Il faut douze ans à Marc Caro pour retrouver le chemin des plateaux et s’atteler à la réalisation de son premier long métrage en solo. Ce sera Dante 01,
combat christique
du bien divin et miraculeux contre le mal des avides progrès technologiques dans le huis-clos claustrophobique d’une station spatiale aux frontières d’un ardent soleil.
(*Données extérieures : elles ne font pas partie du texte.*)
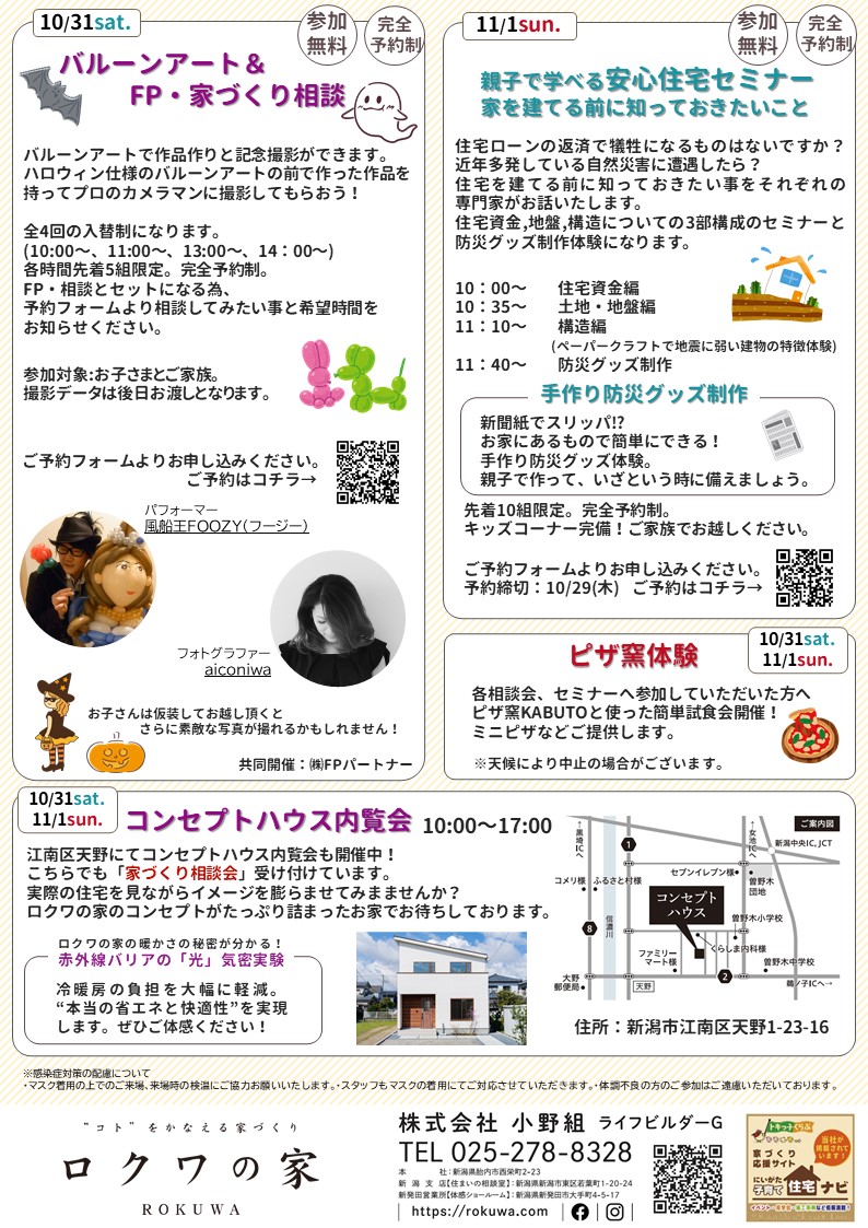 10月31日に開催される「ロクワの家オータムフェア」にて、ハロウィンにちなんだバルーンアート開催いたします。

Deux nouveaux arrivants « aux portes de l’enfer » dérèglent le train-train des occupants : un prisonnier inconnu, désorienté sous une vision troublée, et une jeune généticienne arriviste et hautaine. Ils rejoignent là la lie de l’humanité, les trognes de Dominique Pinon, François Levantal, Bruno Lochet, François Hadji-Lazaro, Yann Collette et Lofti Yahya-Jedidi, et deux médecins aux noms en adéquation avec leur fonction de gardiens de ces portes : Charon, Gérarld Laroche, et Perséphone, Simone Maicanescu. Casting agréable mais très inégal où certains font ce qu’ils savent, où d’autres se révèlent. Où d’autres encore se plantent lamentablement sans que cela n’ait jamais semblé déranger le metteur en scène. Au centre, Lambert Wilson, le messie des lieux, compose avec justesse la douleur sourde qui tend les chairs de cet
étranger mutique et désemparé.
Finies les mécaniques complexes à l’œuvre dans Delicatessen ou La Cité des Enfants Perdus. Seul, Marc Caro simplifie le scénario pour se concentrer sur le visuel et le son. Les influences sont nombreuses, à commencer par l’évidence d’Alien qui hantait déjà les courts-métrages du réalisateur et de son ancien compère plus de vingt ans auparavant : couloirs étroits et déserts dans l’espace, même le mirage palpitant que dévore à pleines mains le christ perdu là est une larve des parasites dessinés par HR Giger, même l’idée de cette station prison rappelle la quadrilogie. On retrouve aussi beaucoup du Bunker de la Dernière Rafale, court co-réalisé avec Jean-Pierre Jeunet, dans les crânes chauves de l’équipage, l’enfermement, les effets visuels tournés vers l’expérimental, le dérèglement systématique du huis-clos. Mais pour agréables qu’elles soient, les références ne font pas le scénario, et l’abandon des mécaniques pour aller raconter l’ésotérique,
l’avènement d’un christ
capable pour sauver trois pèlerins d’éteindre un soleil, a certes ses charmes graphiques sur l’équilibre entre fascination du vide sidéral et effets visuels expérimentaux, et pourtant ne suffit pas ; il sonne comme un creux dans l’espace laissé vacant. La réalisation est enlevée, le rythme bien trouvé, mais le creux scénaristique empêche les comédiens et l’auteur de trouver le ton de l’angoisse, le poids des enjeux.
Restent de belles prières crucifiées sur l’autel de la naïveté intacte de ce créateur.